Experiments and Observations in a Heated Room (1774)

In 1774 and 1775 the British physician and scientist Charles Blagden conducted a series of experiments concerned with exploring the effects on the human body of extremely high temperatures, "air heated to a much higher degree than it was formerly thought any living creature could bear". In what equated to something akin to a "super-sauna", Blagden and his co-experimenters (including a dog) subjected themselves to enormously hot temperatures. Beginning at a modest 100 degrees Fahrenheit (38 degrees Celsius), by the 1775 session they progressed to temperatures upward of a whopping 260 degrees Fahrenheit (127 degrees Celsius).
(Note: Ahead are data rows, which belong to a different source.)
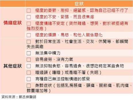 (女性朋友可以檢視看看自己是否有經前不悅症。圖片來源:鄭丞傑醫師提供;謝佳君整理)
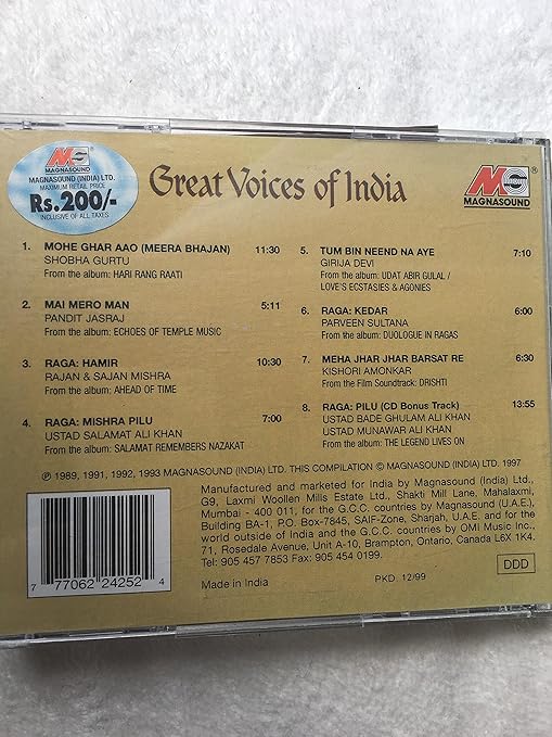 Great Voices Of India - The music of india includes indian classical music, multiple varieties of folk, popular, pop, and, most recently, rock music.
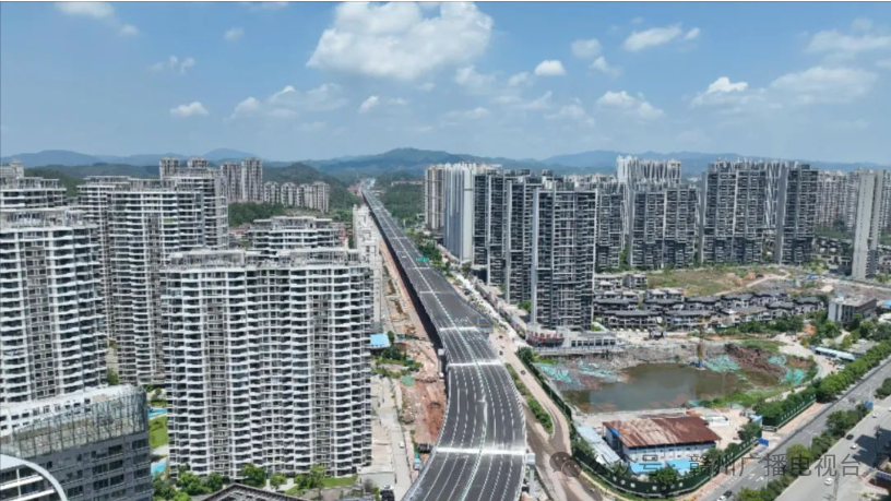 作为我市推动城市能级提升行动建设的重要支撑项目,赣州中心城区“五区一体化”四横六纵快速路项目的重要组成部分,联系赣州主城各区、接通各高速出入口的重要枢纽工程,总投资约59.62亿元,里程达19.04公里,共有3处立交衔接,13对上下出入口;是二期七条快速路中协调组织最复杂、施工任务最艰巨、克服困难最多的路段——自项目开工以来,赣州发展集团上下联动省市各职能部门、参建单位及沿线企业、居民解决了项目征拆、用地报批、改扩建变更、涉铁等各类重难点问题;也是体量最大、辐射带动影响最大的路段——接通了赣州北、赣州东、赣县北三个高速出入口,同时直接串联起南康主城区、蓉江新区、章江新区、老城区、赣县主城区、经开区及水西片区等各板块,形成联动发展新格局。

Not surprisingly the air was at times quite literally scorching, and a full cladding of clothing was mostly worn to protect their skin, though Blagden did experiment one time being in the room naked from the waist up with only a suspended cloth protecting him from the rays of the hot irons. Among his many observations, in his latter 1775 report to the Royal Society, Blagden became the first to explicitly recognise the role of perspiration in thermoregulation, seeing that the body temperatures of both the heat-subjected humans and heat-subjected dog were significantly lower than the air they were exposed to. The dog endured a temperature of 236 degrees Fahrenheit (113 degrees Celsius) for a full hour, with seemingly little distress, and recording a body temperature of only 110 Fahrenheit (43 degrees Celsius) - higher than a dog's normal body temperature, but significantly cooler than the room. In reality the dog's temperature was probably lower by a few degrees, as Blagden acknowledged he had a bit of trouble taking the measurement. In any case, such a difference in body and room temperature was an important one. Fearing the reliability of his thermometers, Blagden thought up a control for this thermo-regulating tendency of living bodies which he'd observed - a fat juicy steak. As he explained in his Royal Society report:

To prove that there was no fallacy in the degree of heat shewn by the thermometer, but that the air which we breathed was capable of producing all the well-known effects of such an heat on inanimate matter, we put some eggs and a beef-steak upon a tin frame, placed near the standard thermometer, and farther distant from the cockle than from the wall of the room. In about twenty minutes the eggs were taken out, roasted quite hard; and in forty-seven minutes the steak was not only dressed, but almost dry. Another beef-steak was rather overdone in thirty-three minutes. In the evening, when the heat was still greater, we laid a third beef-steak in the same place : and as it had now been observed, that the effect of the heated air was much increased by putting it in motion, we blew upon the steak with a pair of bellows, which produced a visible change on its surface, and seemed to hasten the dressing; the greatest part of it was found pretty well done in thirteen minutes.